Поверхность воды, которая плещется на дне бассейна, играет цветными бликами. Кажется, что они складываются в картинку, как на экране, но стоит только попытаться разглядеть ее, как вода снова приобретает спокойный и ровный изумрудный цвет.
– Тебя спасли очки, – говорю я.
– Я знаю, – кивает Лия. – Спасибо Серафиму. Но от чего они меня спасли?! Вот чего я не могу понять! Ты знаешь, я опять сбежала. Я попыталась вырвать у Лидуси открытку, но у меня не получилось. Лидуся такая хрупкая, у нее ручки – как соломинки, но она оказалась удивительно сильной. А этот ее смех… первый раз после того случая с коляской я слышала, как она смеется. Странно, но отчасти это напоминало ее прежний заразительный смех, однако он был искаженным, словно его записали на пленку и обработали. Тогда я порвала ее, свою открытку. Никогда раньше такого не делала, но в тот момент почему-то была уверена, что ни в коем случае нельзя оставлять карточку у нее. Она все смеялась и смеялась, а клочки моей открытки летели на пол – яркие, похожие на перья, словно я ощипывала попугая. Теперь эта карточка, моя лучшая работа, есть только здесь, в моей визитке. Точнее, ее бледная тень…
Она грустно усмехается:
– Снова пришла – и снова сбежала. Хороша подруга!
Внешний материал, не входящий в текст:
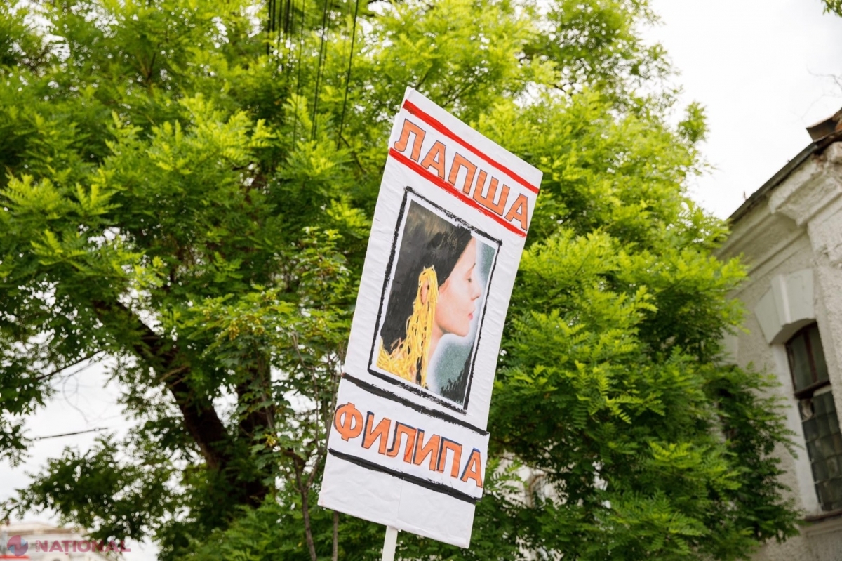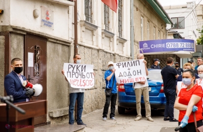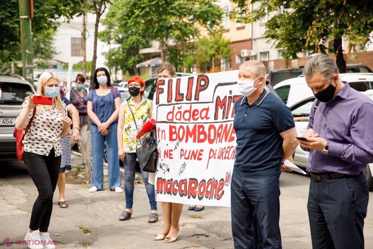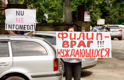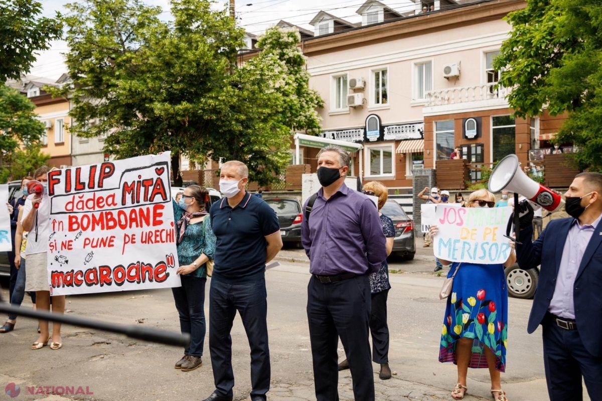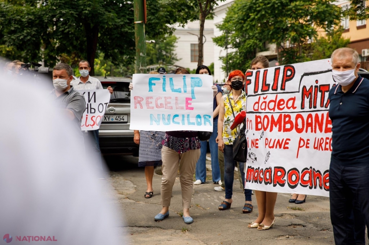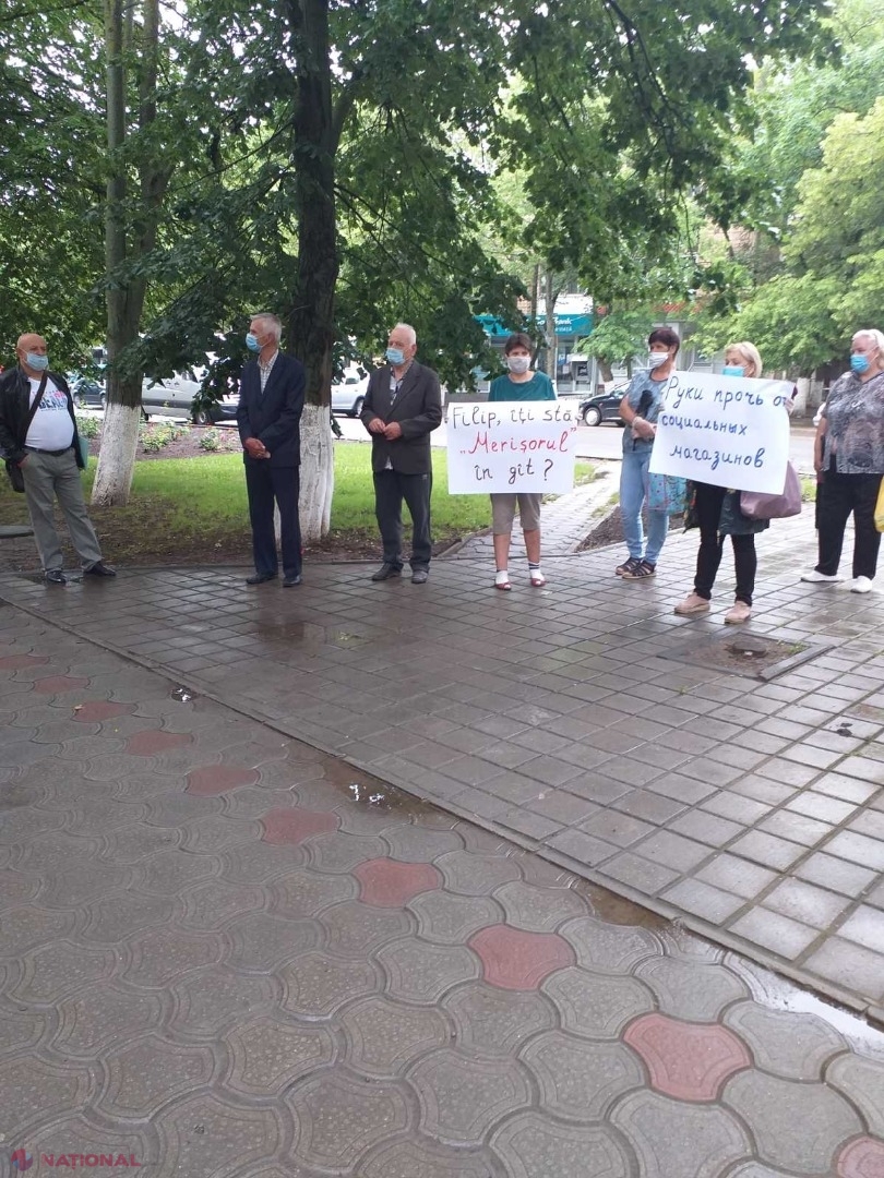 Deputați ai Partidului „ȘOR”, consilieri municipali, dar și simpli cetățeni, beneficiari ai magazinelor sociale au scandat lozinci în susținerea acestui proiect - „Filip - rușine”, „Jos mâinile de pe magazinele sociale”, „Jos Filip, jos Dodon!” și au afișat pancarte cu mesaje similare „Filip+Dodon=sărăcie”, „Filip, regele nucilor”, „Filip dădea mită în bomboane și ne pune pe urechi macaroane”.

В моей голове становится тесно от мыслей. Значит, вот так это происходит. Скрапбукер заражается Тварью и начинает распространять ее вокруг себя – подселяет и в свои открытки, и в чужие. Правда, непонятно, каким именно образом. И что хуже всего – Тварь действует на всех, кто видит эти открытки.
– Считай, что Лидуся больна, что она заразилась опасным вирусом, – говорю я. – Вроде как гриппом. Бывают такие болезни, когда человек начинает бредить…
– Ну ладно, положим, Лидуся заболела, хотя я очень сомневаюсь, – размышляет вслух Лилиана. – Но я-то здорова! Или хочешь сказать, что и я тоже заразилась этой штукой?
– Почему ты так решила? – спрашиваю я.